About this task: Below are records with pictures. Transcribe exactly, and only, the lines from the line with "Ziel der jährlichen" to the line with "Number: 03**** |", both ends included, but not the pictures.

Given entries:
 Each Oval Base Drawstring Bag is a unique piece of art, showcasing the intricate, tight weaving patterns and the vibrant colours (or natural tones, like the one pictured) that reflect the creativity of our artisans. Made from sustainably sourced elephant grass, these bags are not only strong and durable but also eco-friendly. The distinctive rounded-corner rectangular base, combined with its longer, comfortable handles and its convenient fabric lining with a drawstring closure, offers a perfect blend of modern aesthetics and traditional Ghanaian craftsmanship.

---

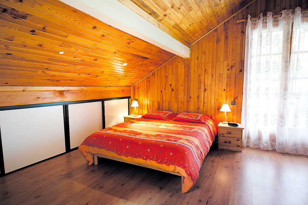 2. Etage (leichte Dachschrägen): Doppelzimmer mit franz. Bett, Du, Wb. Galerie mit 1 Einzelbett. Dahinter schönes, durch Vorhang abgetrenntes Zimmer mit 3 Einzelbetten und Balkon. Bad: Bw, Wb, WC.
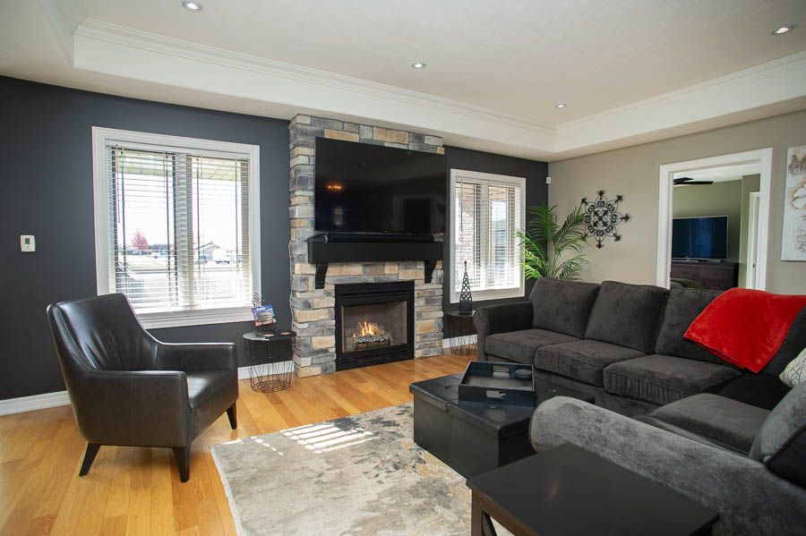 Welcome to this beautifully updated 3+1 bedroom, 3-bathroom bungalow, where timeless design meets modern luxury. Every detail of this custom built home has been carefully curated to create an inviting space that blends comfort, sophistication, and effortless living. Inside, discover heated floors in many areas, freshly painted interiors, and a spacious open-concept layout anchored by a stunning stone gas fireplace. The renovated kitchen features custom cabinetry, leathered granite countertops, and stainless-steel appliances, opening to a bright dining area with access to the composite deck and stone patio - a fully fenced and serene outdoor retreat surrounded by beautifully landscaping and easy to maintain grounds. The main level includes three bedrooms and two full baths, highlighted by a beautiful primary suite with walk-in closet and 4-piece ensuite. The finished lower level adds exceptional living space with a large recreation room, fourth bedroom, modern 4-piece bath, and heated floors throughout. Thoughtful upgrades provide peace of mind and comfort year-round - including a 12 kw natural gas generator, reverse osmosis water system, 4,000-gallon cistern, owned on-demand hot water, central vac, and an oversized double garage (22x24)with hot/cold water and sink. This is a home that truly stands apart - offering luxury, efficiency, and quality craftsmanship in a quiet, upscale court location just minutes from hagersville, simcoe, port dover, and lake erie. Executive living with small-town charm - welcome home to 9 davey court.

==

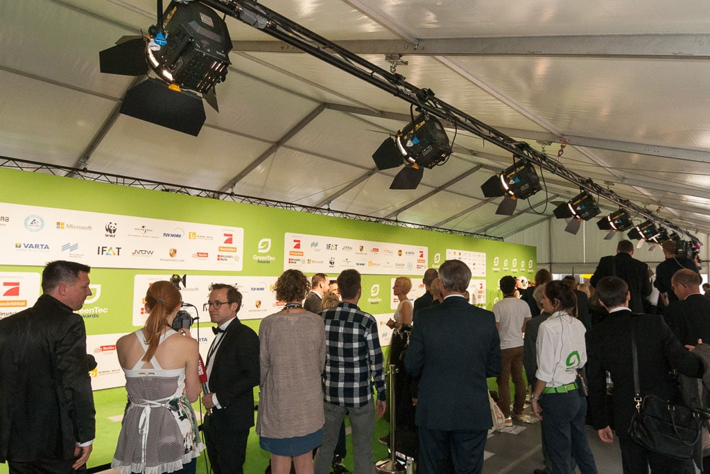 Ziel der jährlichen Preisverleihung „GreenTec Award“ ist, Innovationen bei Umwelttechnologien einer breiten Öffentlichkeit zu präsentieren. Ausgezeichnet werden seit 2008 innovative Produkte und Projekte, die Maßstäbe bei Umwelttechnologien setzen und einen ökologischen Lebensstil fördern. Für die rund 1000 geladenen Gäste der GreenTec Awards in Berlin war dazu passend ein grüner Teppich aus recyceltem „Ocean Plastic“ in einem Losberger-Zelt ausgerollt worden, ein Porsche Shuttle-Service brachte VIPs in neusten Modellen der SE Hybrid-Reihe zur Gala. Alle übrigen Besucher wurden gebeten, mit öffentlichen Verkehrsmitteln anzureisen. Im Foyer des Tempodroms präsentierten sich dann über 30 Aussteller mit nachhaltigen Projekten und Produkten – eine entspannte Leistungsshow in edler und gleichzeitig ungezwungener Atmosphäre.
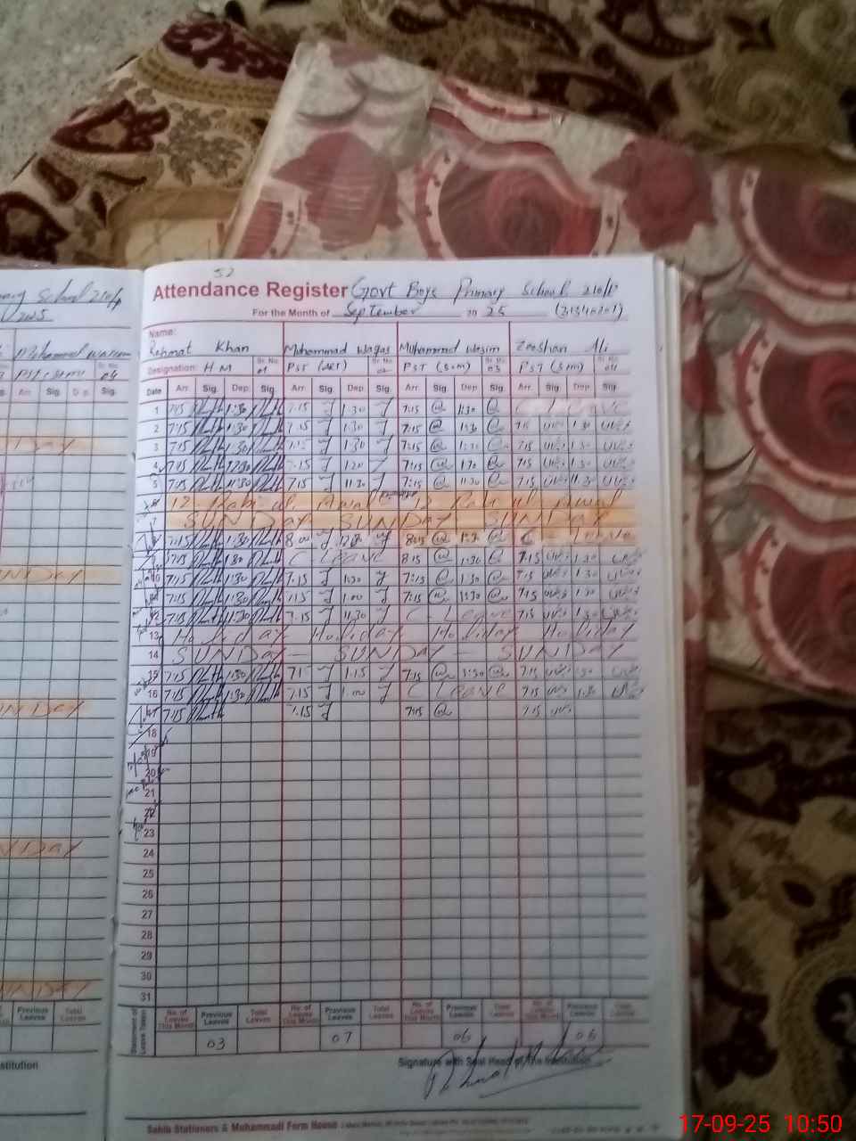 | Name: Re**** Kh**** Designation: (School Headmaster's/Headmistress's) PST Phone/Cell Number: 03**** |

Answer box:
 Ziel der jährlichen Preisverleihung „GreenTec Award“ ist, Innovationen bei Umwelttechnologien einer breiten Öffentlichkeit zu präsentieren. Ausgezeichnet werden seit 2008 innovative Produkte und Projekte, die Maßstäbe bei Umwelttechnologien setzen und einen ökologischen Lebensstil fördern. Für die rund 1000 geladenen Gäste der GreenTec Awards in Berlin war dazu passend ein grüner Teppich aus recyceltem „Ocean Plastic“ in einem Losberger-Zelt ausgerollt worden, ein Porsche Shuttle-Service brachte VIPs in neusten Modellen der SE Hybrid-Reihe zur Gala. Alle übrigen Besucher wurden gebeten, mit öffentlichen Verkehrsmitteln anzureisen. Im Foyer des Tempodroms präsentierten sich dann über 30 Aussteller mit nachhaltigen Projekten und Produkten – eine entspannte Leistungsshow in edler und gleichzeitig ungezwungener Atmosphäre.
 | Name: Re**** Kh**** Designation: (School Headmaster's/Headmistress's) PST Phone/Cell Number: 03**** |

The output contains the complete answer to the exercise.